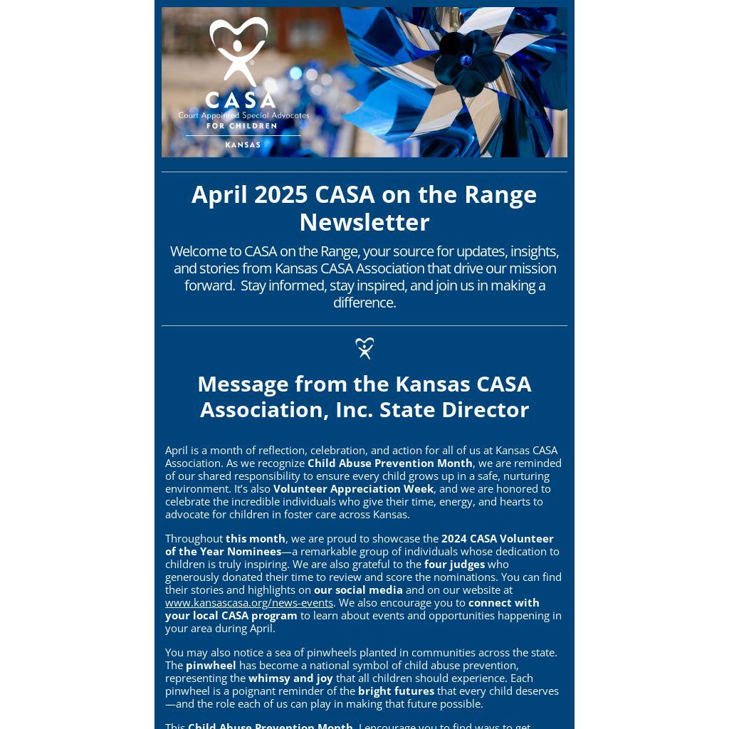 Welcome to CASA on the Range, your source for updates, insights, and stories from Kansas CASA Association that drive our mission forward. Stay informed, stay inspired, and join us in making a difference.
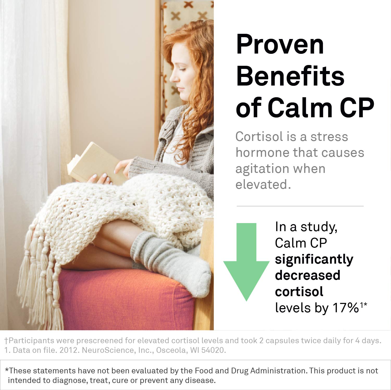 - Shown to Help Lower Cortisol - In a study on the effectiveness of Calm CP, participants were prescreened for elevated cortisol levels. Calm CP was shown to reduce cortisol (mean daily cortisol) by 17%.*
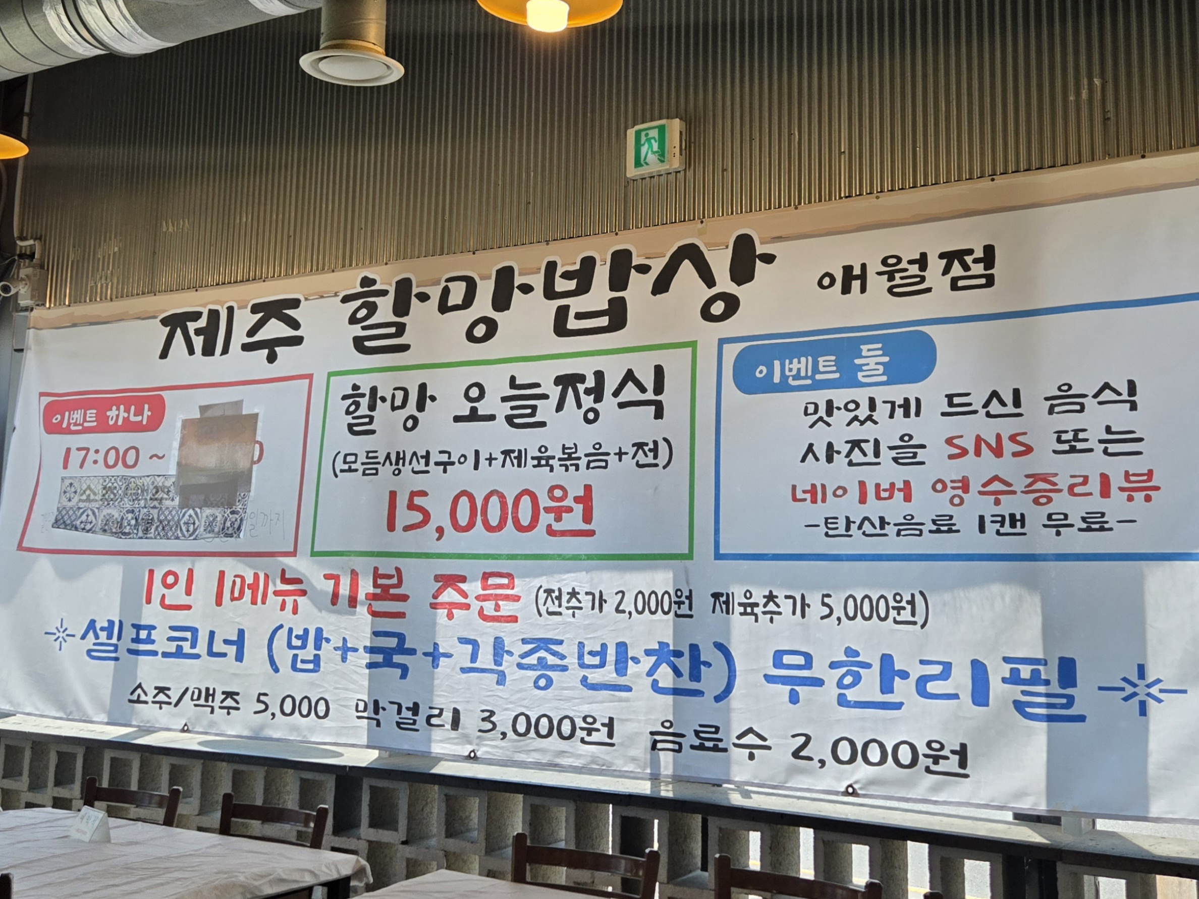 제주 애월에서 아침겸 점심을 고민 중이라면, 해장국 대신 ‘밥상 한가득 행복’을 경험할 수 있는 "할망밥상"을 추천합니다. 현지인들이 자신 있게 안내하는 곳답게 푸짐함, 맛, 분위기, 모든것이 여행자들의 기대치를 훌쩍 넘어서는 곳입니다.
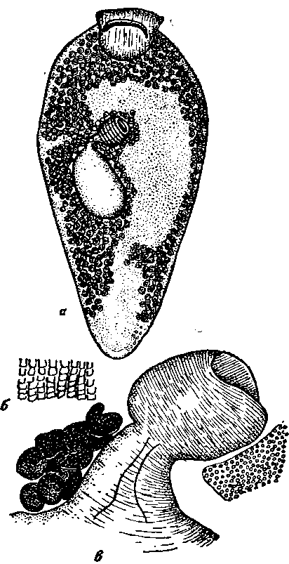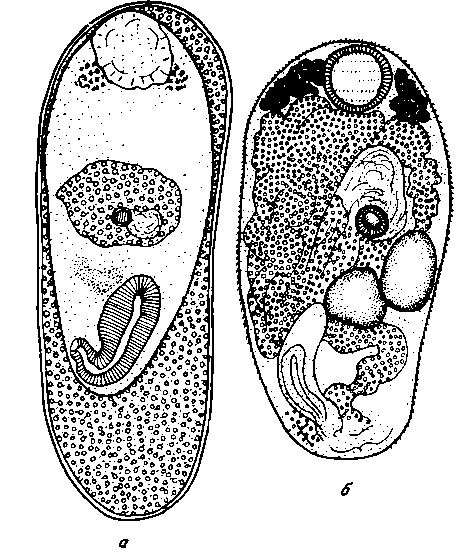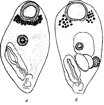 а — циста с незрелым экземпляром и жироподобными шариками из Menidia menidia (длина цисты 1,5 мм); б — марита (длина тела 1,28 мм) из Paralichthys albiguttus
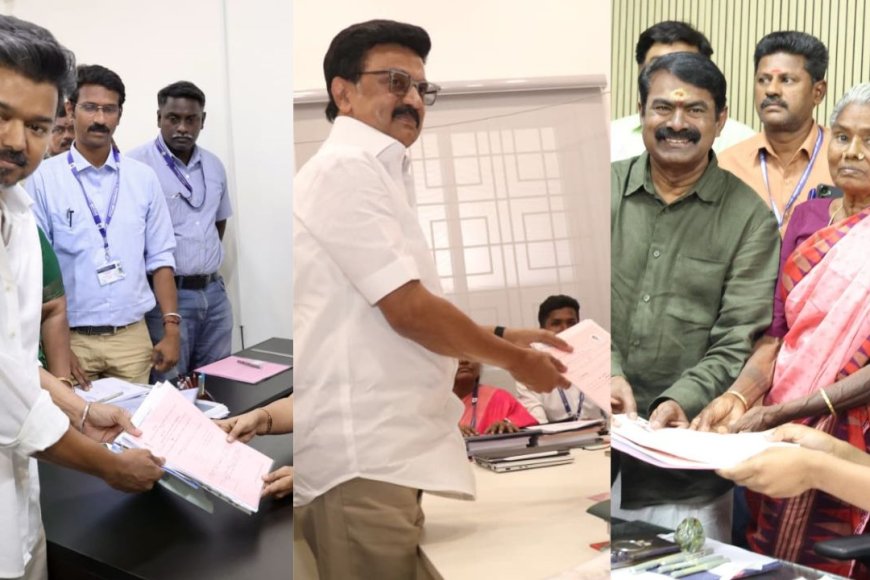 2026 தமிழ்நாடு சட்டமன்றத் தேர்தலுக்கான வேட்புமனு தாக்கல் செயல்முறை தொடங்கியுள்ளது. சீமான் தலைமையிலான நாம் தமிழர் கட்சி வேட்பாளர்கள் தங்கள் வேட்புமனுக்களைத் தாக்கல் செய்யத் தொடங்கியுள்ளனர்.
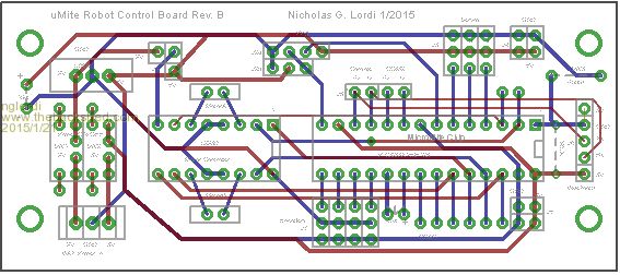 The attached figure (robot.jpg) shows my micromite controlled robot. It consists of an Actobotics platform with a with a control board (umiterc.gif) designed to interface the micromite with a L293D motor controller. The board allows easy connection of up to 3 servos, a ping, bluetooth module and an IR remote sensor (not shown). Two Li-Ion rechargeable batteries power the board. A 3V battery powers the micromite and the bluetooth module. A 9V bsattery regulated to 5V powers all other components. One can select either 5V or 9V to power the motors. The attached MicromiteRCL.pdf file is a document which describes the micromite robot control language. The second document, uMiteCode.pdf, lists the actual code. I would appreciate any comments, suggestions, etc. Nick
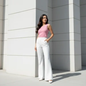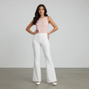 Definisikan gaya chic Anda dengan celana flare putih elegan ini! Potongan highwaist & lebar menciptakan siluet jenjang. Nyaman & serbaguna, cocok untuk tampilan kasual hingga semi-formal. Wajib punya untuk lemari Anda!
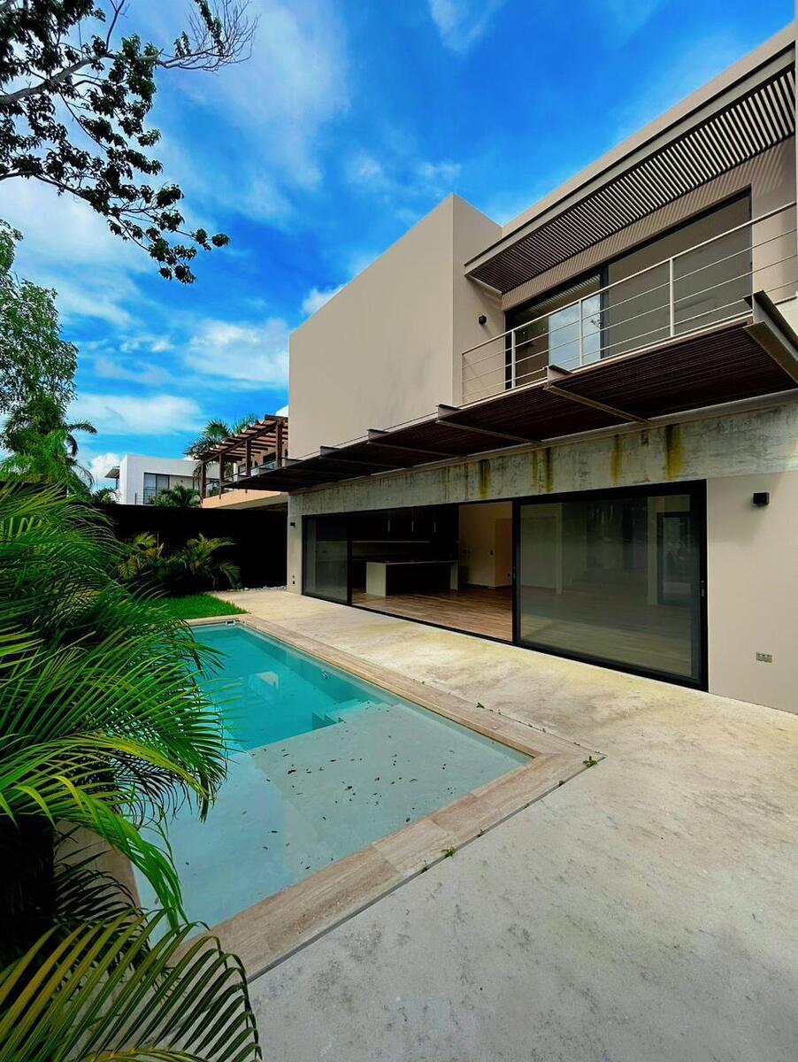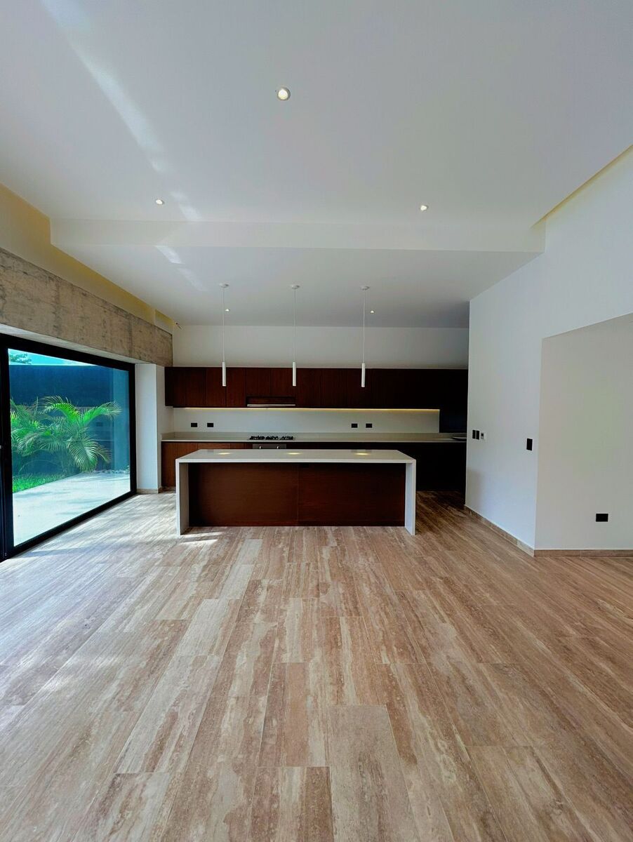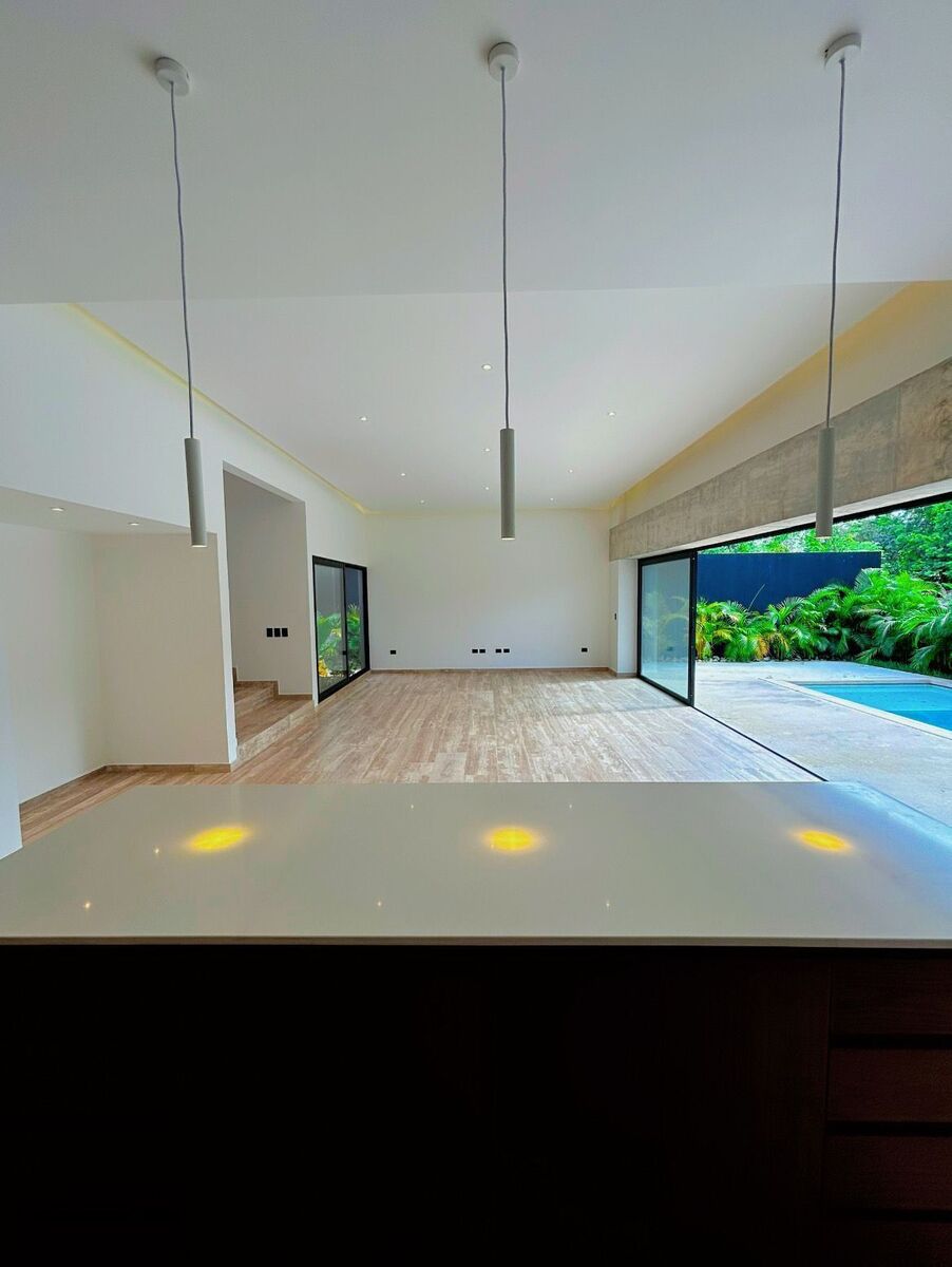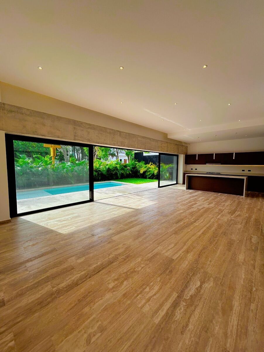 Casa de dos niveles con áreas verdes, terrazas de convivio. Una estancia con vista a la alberca y jardines, con cocina abierta y amplios espacios de estancia.

-- Task details --
The records above should be reproduced exactly, with no pictures included.

-- Solution to the problem --
 Welcome to CASA on the Range, your source for updates, insights, and stories from Kansas CASA Association that drive our mission forward. Stay informed, stay inspired, and join us in making a difference.
 - Shown to Help Lower Cortisol - In a study on the effectiveness of Calm CP, participants were prescreened for elevated cortisol levels. Calm CP was shown to reduce cortisol (mean daily cortisol) by 17%.*
 제주 애월에서 아침겸 점심을 고민 중이라면, 해장국 대신 ‘밥상 한가득 행복’을 경험할 수 있는 "할망밥상"을 추천합니다. 현지인들이 자신 있게 안내하는 곳답게 푸짐함, 맛, 분위기, 모든것이 여행자들의 기대치를 훌쩍 넘어서는 곳입니다.
 а — циста с незрелым экземпляром и жироподобными шариками из Menidia menidia (длина цисты 1,5 мм); б — марита (длина тела 1,28 мм) из Paralichthys albiguttus
 2026 தமிழ்நாடு சட்டமன்றத் தேர்தலுக்கான வேட்புமனு தாக்கல் செயல்முறை தொடங்கியுள்ளது. சீமான் தலைமையிலான நாம் தமிழர் கட்சி வேட்பாளர்கள் தங்கள் வேட்புமனுக்களைத் தாக்கல் செய்யத் தொடங்கியுள்ளனர்.
 The attached figure (robot.jpg) shows my micromite controlled robot. It consists of an Actobotics platform with a with a control board (umiterc.gif) designed to interface the micromite with a L293D motor controller. The board allows easy connection of up to 3 servos, a ping, bluetooth module and an IR remote sensor (not shown). Two Li-Ion rechargeable batteries power the board. A 3V battery powers the micromite and the bluetooth module. A 9V bsattery regulated to 5V powers all other components. One can select either 5V or 9V to power the motors. The attached MicromiteRCL.pdf file is a document which describes the micromite robot control language. The second document, uMiteCode.pdf, lists the actual code. I would appreciate any comments, suggestions, etc. Nick
 Definisikan gaya chic Anda dengan celana flare putih elegan ini! Potongan highwaist & lebar menciptakan siluet jenjang. Nyaman & serbaguna, cocok untuk tampilan kasual hingga semi-formal. Wajib punya untuk lemari Anda!
 Casa de dos niveles con áreas verdes, terrazas de convivio. Una estancia con vista a la alberca y jardines, con cocina abierta y amplios espacios de estancia.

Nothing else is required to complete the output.